• [DATASET CONTENT]

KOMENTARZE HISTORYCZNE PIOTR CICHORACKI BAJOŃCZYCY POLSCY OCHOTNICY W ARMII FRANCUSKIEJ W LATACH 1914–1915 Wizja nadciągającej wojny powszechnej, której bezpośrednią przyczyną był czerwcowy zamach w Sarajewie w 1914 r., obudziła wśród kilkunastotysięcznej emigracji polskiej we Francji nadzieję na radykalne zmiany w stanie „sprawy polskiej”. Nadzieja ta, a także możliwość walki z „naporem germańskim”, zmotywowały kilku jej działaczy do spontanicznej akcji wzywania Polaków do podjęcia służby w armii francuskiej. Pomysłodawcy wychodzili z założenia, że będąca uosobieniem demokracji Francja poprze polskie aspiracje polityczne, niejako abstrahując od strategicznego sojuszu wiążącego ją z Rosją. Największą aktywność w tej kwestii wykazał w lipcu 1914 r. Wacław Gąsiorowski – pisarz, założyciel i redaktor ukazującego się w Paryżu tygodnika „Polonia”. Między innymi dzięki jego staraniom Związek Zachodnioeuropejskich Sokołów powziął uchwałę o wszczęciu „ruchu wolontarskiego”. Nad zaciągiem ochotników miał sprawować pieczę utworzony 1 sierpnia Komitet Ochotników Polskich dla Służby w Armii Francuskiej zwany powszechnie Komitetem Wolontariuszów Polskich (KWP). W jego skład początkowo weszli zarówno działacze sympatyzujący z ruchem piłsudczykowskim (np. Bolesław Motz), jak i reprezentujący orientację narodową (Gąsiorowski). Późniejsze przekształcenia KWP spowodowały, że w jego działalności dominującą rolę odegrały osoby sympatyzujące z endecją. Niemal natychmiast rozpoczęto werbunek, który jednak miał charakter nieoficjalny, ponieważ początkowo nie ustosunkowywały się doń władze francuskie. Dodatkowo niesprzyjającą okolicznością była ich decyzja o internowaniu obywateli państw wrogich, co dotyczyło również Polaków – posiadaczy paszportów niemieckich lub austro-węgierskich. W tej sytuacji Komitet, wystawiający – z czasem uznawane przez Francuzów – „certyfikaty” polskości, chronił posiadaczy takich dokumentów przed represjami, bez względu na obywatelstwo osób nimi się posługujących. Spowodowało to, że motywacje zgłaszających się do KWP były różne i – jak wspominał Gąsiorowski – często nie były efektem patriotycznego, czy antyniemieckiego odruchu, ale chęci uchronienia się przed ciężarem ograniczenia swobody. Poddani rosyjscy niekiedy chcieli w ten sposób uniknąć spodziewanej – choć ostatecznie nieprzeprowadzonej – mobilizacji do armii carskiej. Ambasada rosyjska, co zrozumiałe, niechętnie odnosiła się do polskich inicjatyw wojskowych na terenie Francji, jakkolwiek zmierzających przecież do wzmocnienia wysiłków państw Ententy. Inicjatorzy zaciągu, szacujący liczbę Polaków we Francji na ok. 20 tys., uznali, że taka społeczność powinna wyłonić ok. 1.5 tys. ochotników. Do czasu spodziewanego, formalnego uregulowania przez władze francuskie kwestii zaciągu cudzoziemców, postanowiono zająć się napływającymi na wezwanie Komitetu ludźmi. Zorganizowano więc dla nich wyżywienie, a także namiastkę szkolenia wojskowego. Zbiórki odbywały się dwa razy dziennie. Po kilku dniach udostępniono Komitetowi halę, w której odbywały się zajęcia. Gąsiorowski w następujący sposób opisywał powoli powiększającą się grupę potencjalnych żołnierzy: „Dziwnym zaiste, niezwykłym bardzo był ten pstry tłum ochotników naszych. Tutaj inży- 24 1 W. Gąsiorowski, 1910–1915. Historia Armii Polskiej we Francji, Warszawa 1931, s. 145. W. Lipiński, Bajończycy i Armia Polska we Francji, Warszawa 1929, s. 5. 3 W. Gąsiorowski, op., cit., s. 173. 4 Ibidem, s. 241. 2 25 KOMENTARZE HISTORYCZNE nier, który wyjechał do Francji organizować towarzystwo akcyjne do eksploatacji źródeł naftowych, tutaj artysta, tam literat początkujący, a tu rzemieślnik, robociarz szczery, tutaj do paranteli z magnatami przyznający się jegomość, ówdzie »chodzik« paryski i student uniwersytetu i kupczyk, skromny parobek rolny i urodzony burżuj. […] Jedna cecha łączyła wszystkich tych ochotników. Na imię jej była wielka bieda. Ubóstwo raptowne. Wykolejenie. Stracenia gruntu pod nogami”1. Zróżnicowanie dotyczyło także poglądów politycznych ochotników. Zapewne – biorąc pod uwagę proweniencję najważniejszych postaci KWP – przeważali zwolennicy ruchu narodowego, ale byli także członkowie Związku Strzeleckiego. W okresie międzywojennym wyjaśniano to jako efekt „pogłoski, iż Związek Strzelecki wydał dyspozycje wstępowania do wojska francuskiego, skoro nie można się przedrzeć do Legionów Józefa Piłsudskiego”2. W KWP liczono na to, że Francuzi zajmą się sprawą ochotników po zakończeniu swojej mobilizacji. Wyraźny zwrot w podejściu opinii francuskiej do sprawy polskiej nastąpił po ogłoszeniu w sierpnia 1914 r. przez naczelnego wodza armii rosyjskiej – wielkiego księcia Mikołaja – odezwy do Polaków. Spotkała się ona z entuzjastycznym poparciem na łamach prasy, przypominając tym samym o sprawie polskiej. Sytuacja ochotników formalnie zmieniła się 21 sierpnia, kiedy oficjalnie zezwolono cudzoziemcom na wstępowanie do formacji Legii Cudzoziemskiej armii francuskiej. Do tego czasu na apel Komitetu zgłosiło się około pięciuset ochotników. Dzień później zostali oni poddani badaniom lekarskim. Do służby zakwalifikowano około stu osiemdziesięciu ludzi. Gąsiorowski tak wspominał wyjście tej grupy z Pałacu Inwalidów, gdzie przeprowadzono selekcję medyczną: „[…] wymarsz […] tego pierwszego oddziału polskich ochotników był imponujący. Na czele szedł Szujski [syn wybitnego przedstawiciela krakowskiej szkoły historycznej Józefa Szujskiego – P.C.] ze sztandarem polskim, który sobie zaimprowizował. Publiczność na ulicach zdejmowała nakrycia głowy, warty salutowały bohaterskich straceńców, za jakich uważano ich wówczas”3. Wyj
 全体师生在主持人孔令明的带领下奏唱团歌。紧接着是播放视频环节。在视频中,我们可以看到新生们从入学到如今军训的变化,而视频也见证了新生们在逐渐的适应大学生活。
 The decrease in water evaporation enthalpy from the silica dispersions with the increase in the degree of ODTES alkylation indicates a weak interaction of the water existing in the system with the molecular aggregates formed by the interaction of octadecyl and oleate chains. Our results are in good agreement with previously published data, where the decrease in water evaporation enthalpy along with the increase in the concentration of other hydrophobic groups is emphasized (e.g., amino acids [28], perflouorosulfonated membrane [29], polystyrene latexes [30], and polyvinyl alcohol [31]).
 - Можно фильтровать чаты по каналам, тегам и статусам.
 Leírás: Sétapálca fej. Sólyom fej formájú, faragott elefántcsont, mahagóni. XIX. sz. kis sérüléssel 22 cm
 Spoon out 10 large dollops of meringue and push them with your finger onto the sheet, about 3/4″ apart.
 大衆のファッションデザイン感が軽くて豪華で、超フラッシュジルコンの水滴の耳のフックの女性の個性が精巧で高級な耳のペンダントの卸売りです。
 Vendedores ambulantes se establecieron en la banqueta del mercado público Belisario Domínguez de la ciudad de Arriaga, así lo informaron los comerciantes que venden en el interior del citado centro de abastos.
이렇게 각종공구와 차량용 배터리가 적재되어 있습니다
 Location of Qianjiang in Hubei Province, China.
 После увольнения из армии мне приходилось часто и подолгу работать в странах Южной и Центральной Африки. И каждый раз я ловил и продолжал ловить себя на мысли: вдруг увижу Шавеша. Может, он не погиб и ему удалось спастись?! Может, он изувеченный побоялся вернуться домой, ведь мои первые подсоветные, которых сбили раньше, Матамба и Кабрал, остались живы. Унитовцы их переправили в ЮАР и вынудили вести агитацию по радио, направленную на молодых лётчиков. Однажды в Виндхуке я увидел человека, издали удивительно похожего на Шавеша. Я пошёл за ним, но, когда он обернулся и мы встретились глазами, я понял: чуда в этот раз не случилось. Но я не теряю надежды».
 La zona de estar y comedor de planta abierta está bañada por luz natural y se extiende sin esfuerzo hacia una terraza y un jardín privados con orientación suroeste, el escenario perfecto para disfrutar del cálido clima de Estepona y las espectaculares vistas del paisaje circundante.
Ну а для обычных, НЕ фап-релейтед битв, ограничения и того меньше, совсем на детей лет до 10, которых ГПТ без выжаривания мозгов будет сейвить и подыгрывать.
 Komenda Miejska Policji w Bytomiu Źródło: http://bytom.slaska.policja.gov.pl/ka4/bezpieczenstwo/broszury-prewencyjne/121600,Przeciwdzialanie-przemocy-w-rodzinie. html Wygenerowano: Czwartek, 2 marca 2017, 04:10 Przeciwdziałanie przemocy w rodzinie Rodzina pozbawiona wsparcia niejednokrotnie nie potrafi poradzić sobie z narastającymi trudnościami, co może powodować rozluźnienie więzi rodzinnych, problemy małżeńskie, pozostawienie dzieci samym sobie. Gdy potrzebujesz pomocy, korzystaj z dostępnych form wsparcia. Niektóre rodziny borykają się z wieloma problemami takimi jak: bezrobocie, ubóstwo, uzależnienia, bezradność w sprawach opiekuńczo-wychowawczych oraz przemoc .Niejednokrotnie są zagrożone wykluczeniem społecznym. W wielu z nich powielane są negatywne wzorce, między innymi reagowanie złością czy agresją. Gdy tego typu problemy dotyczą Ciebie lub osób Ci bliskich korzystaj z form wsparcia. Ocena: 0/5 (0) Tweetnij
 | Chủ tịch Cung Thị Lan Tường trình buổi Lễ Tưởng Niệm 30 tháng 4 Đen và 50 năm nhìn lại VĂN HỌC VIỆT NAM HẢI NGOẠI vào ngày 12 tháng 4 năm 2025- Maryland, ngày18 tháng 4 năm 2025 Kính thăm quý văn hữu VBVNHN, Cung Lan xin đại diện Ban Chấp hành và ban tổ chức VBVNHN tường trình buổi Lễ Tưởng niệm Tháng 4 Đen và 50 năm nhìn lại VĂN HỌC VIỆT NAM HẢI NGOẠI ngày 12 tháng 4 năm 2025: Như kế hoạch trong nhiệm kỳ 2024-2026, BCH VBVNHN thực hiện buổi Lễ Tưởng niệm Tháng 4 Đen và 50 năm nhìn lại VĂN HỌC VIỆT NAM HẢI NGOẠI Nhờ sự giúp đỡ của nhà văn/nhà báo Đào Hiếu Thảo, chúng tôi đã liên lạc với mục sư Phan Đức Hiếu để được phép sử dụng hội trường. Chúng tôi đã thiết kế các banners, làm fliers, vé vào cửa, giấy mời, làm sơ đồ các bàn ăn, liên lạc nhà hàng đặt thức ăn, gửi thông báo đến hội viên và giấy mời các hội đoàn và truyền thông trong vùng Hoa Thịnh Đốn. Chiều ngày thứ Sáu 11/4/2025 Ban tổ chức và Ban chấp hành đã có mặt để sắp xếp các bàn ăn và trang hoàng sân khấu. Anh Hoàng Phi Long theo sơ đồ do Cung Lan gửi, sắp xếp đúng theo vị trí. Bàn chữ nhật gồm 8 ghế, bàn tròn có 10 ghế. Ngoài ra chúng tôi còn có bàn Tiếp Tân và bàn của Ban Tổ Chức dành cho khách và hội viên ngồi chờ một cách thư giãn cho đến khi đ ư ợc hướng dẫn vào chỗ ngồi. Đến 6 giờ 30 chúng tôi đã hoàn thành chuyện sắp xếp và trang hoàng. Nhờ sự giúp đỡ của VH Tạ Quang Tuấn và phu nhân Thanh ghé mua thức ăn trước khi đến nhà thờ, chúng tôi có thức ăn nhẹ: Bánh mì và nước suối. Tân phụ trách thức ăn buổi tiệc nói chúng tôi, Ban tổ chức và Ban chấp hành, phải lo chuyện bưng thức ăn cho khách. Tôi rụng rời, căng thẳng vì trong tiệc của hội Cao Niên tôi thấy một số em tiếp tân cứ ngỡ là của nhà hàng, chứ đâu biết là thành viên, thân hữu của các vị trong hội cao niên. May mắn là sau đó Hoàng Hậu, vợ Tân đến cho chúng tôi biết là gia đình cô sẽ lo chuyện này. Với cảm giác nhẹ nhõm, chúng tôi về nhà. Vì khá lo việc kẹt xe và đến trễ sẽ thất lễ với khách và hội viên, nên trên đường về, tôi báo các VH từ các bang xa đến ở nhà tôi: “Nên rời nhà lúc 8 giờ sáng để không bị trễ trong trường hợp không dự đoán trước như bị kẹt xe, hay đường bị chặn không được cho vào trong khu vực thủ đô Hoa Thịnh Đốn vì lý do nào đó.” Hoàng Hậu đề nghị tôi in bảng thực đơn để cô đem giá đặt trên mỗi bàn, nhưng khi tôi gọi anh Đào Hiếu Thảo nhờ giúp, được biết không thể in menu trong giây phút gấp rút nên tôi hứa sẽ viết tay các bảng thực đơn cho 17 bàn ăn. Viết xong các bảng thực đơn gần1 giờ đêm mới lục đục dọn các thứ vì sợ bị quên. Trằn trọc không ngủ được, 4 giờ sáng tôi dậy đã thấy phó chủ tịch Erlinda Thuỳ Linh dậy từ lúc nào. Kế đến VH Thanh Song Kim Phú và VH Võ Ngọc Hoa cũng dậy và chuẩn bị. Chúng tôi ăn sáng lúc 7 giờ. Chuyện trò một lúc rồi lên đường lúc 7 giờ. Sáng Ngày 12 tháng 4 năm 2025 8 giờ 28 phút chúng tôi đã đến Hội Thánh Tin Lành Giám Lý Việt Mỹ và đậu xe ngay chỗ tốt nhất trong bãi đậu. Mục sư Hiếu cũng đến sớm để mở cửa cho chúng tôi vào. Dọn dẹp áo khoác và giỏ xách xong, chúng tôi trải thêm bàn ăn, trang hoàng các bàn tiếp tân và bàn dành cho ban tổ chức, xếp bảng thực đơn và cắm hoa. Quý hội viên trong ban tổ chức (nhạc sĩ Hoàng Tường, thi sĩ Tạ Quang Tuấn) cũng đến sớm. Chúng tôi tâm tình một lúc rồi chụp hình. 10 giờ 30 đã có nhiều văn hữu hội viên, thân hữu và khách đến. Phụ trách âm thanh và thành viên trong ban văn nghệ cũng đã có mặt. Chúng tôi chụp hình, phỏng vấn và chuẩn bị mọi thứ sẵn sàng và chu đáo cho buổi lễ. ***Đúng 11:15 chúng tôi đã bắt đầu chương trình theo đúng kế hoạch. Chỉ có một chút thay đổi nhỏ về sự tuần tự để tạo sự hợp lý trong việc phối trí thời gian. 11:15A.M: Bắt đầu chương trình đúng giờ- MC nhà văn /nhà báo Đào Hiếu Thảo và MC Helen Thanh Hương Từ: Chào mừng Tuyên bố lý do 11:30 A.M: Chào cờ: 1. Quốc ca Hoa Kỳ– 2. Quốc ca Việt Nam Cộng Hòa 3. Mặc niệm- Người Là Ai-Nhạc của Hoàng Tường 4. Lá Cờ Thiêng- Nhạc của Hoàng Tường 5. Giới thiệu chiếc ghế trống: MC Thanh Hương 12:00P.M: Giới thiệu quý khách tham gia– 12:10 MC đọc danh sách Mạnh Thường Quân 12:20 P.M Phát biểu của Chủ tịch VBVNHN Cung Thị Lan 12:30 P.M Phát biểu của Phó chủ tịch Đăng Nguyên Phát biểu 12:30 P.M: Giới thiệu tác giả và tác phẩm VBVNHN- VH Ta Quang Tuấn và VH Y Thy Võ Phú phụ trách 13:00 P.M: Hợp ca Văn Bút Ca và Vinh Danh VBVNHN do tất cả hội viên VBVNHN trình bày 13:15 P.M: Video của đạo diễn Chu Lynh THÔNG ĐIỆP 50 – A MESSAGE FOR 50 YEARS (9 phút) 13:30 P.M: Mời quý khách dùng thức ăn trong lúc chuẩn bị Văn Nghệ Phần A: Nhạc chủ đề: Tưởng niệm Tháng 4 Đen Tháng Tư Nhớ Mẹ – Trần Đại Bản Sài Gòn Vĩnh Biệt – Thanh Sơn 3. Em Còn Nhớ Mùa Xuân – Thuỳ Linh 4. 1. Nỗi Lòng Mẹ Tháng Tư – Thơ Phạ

• [TASK PROMPT] Look at the entries above. Say how many lines have the word "которых", and give only the number.

• [ANSWER TO THIS EXERCISE] 2